The presidential election went to an instant run-off format because none of the three candidates won a majority of the vote. After the recalculation, Guarco's votes were reallocated to the candidate voters ranked second. Bansal finished with 1,200 votes—or 51 percent of the vote—compared to Adair's 1,149. This number does not add up to 2,416 votes because not all voters ranked second options.

Adair noted how pleased she was with the close finish.

"For me to get such a close margin as an independent and a transfer is amazing, and it shows that Duke students are ready for results and a change of pace," Adair said.

Guarco congratulated all candidates on a clean race.

"I'm proud to say we were able to spread our message, and congratulations to Tara," he said.

Weisman—current vice president of equity and outreach—defeated junior John Turanchik.

"I'm thrilled for next year and am very excited to make DSG work as it should and make things happen for students," Weisman said. "Being able to give back a senior is something I'm looking forward to."

Geng, the current DSG treasurer, won the SOFC chair race over junior Alexa Soren, a current SOFC member. Geng received 54 percent of the vote, but may be facing a lawsuit in the DSG Judiciary about the inappropriate use of her position to campaign.

Finally a constitutional amendment allowing Senate size to be determined by bylaw rather than constitutional amendment passed. According to the ballot, "The amendment would allow DSG to become more flexible regarding internal structure, facilitating legislative focus and campus representation."

The amendment passed with 80 percent of the vote.

The election, on a noon-to-noon schedule, was the second election held this year on that schedule.

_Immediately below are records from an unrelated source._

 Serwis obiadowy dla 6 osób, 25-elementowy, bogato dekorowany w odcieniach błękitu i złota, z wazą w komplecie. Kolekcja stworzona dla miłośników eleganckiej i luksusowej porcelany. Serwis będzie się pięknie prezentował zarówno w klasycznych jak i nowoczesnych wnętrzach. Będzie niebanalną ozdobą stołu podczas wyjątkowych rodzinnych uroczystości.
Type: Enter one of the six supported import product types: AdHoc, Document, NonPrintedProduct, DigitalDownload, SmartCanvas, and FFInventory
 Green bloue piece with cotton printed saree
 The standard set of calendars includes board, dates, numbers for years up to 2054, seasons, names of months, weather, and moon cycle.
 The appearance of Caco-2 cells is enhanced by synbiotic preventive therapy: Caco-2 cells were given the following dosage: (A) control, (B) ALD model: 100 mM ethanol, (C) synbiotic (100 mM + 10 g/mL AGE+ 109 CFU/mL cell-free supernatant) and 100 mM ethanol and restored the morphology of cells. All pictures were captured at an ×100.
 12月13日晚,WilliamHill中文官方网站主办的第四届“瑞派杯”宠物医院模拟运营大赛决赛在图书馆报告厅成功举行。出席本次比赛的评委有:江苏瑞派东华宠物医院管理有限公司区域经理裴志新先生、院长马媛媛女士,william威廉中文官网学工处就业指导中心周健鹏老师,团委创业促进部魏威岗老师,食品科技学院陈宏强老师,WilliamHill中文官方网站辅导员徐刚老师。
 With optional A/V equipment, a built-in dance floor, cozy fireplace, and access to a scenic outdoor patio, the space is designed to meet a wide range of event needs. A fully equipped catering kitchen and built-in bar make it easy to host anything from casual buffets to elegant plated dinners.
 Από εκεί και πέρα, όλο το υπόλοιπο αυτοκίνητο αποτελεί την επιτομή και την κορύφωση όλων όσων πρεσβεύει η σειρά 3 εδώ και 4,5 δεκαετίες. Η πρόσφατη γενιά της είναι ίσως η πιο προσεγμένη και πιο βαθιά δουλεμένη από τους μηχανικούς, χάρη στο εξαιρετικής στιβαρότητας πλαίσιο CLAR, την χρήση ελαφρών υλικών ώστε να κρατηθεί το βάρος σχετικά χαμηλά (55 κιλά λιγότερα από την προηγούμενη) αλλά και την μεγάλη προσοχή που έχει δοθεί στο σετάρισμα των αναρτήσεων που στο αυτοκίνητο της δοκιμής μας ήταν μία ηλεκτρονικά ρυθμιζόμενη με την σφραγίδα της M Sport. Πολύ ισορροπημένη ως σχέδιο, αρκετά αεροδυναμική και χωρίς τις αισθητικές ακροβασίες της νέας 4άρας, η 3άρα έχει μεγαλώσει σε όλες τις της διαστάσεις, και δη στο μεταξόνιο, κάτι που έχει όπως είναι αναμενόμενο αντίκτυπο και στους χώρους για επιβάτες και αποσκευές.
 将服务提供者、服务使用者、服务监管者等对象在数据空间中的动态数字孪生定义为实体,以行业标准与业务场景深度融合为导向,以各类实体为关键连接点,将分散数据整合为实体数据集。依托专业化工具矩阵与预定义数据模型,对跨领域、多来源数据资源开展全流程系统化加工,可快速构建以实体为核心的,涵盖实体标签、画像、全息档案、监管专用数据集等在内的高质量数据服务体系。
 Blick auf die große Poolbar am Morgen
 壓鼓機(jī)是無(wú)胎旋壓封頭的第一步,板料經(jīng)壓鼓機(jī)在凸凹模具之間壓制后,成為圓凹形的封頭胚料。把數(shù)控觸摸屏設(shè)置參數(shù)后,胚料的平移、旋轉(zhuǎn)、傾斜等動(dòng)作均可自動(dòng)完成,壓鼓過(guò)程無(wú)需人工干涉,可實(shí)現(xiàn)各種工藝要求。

Elections in past years have been held from midnight to midnight.

DSG Attorney General Robin Zhang, a senior, explained that the system works and should be a permanent change made to the election process.

"The noon-to-noon election should stay," he said. "Having [Office of Information Technology] service overnight is a blessing."

Issues in the middle of the night when no one is voting can be easily taken care of as opposed to past elections, when issues during the day limited the amount of time students have to vote, Zhang explained.

Correction: This article was updated to remove an incorrect statement that seniors only recently were granted voting rights in the DSG presidential elections and clarify that Geng could be facing the lawsuit. The Chronicle regrets the error.